Colleen sat down next to him on the sofa. Wyatt was a wreck. She handed him a tissue to wipe his eyes and blow the snot from his nose. He hadn’t showered, and he smelled. His sunburnt cheeks looked extra-pink, and she could see all of the tiny blood vessels. He tugged on his dreadlocks as if he were about to wrap the ropes around his throat. She smiled an airy, weedy smile at him, and her dark eyes sucked him in and calmed him down. She put a hand on his knee.

“Listen, Wyatt. There’s no use pretending. I saw your pervy pics.”

“What are you talking about?”

“The Amazon box you keep you under your bed. Cat and I went into your apartment. She found the box where you keep your stash, the one with all the pics. The evidence was all there. All the times you followed her. All the times you hung around outside her window. All those pictures you took of her naked. It was really creepy. And the gun, too. It was in the box. Is that the gun you shot the cop with?”

“I didn’t do that! I don’t even own a gun!”

“Well, what do you want me to say? We saw it, Wyatt.”

“It’s not mine!” he insisted. “There’s no box! I don’t have any box under my bed. There are no pics, no gun. This is a nightmare. Jesus!”

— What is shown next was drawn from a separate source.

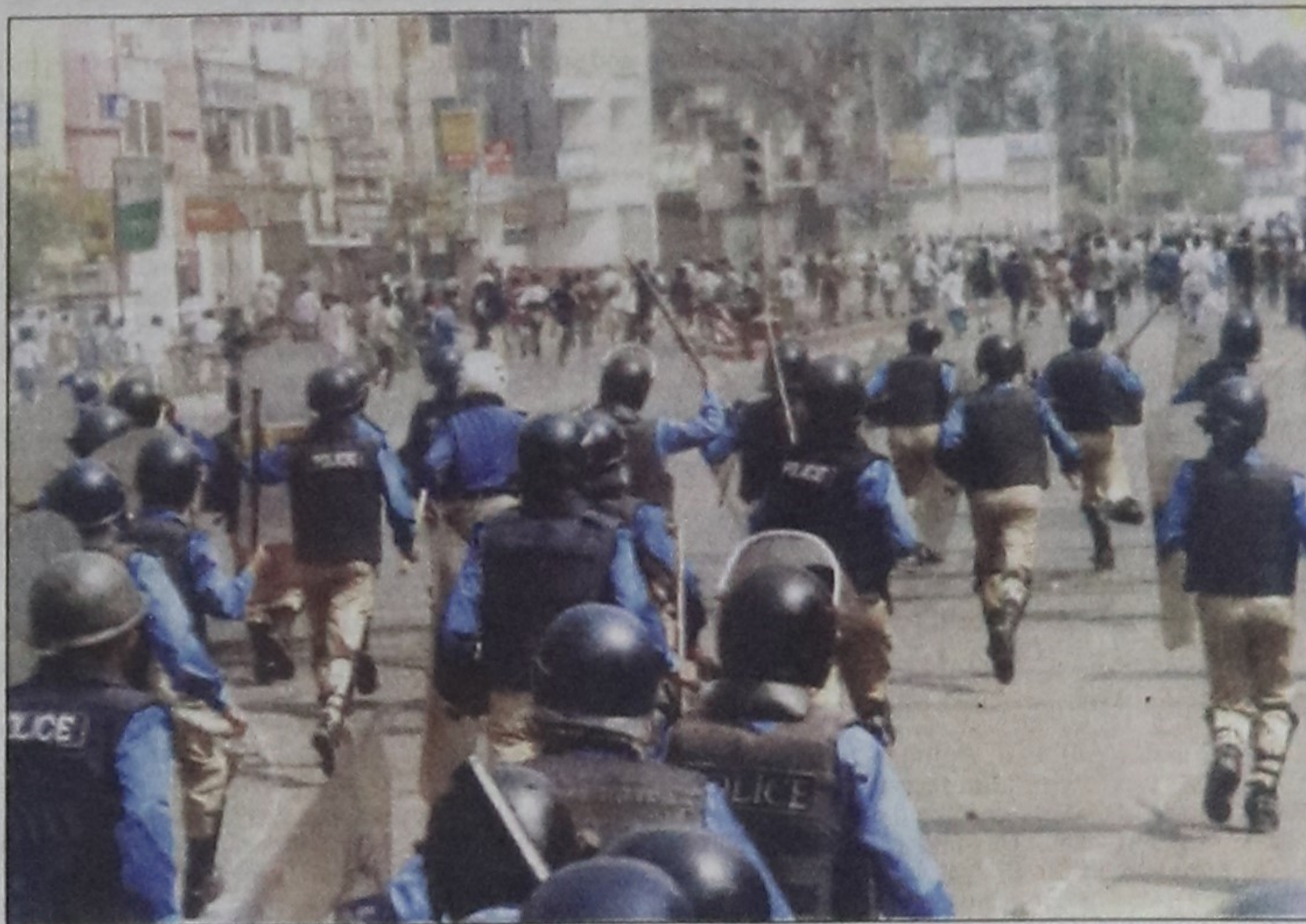
Police in riot gear chasing pro-hartal activists in city's Bijoy Nagar area yesterday during the hartal hours.

They discussed various issues of business interests.

Colleen sucked in smoke from the joint between her fingers, and closed her eyes. “You’re so tense. Come on, relax. Get high with me.”

“Are you crazy? Not now!”

“Get high with me, and then we can fuck.”

“What? What about Curt?”

“Oh, who cares about Curt? I broke it off with him.”

“You did? When? Why?”

She shrugged. “I don’t need him anymore. Come on, I’m horny, let’s do it. I know that’s what you want.”

“You. Are. Nuts. I swear. You’re out of your mind. I never should have listened to you. I wish you’d never told me about Cat.”

“Me?” Colleen asked, as the corner of her lips bent curiously upward. “What on earth are you talking about?”

“What am I—” Wyatt began, his face a mask of incomprehension. “Come on, Colleen. This was all you. You told me about this incredible girl who was on the cover of People and how I should try to meet her. You said you and Curt could work it out for me.”

Colleen blinked, and each blink felt slow in front of her eyes. “Wow, is that the story you’re going to tell the police? Because they really aren’t going to believe that.”

“It’s not a story. It’s the truth!”

She shook her head carefully back and forth. “That’s not how I remember it. I remember you had a copy of that magazine in your apartment, and you were going on and on to me about how amazing this girl was and how you absolutely had to meet her. Honestly, it was a little weird, Wyatt. It felt a little off.”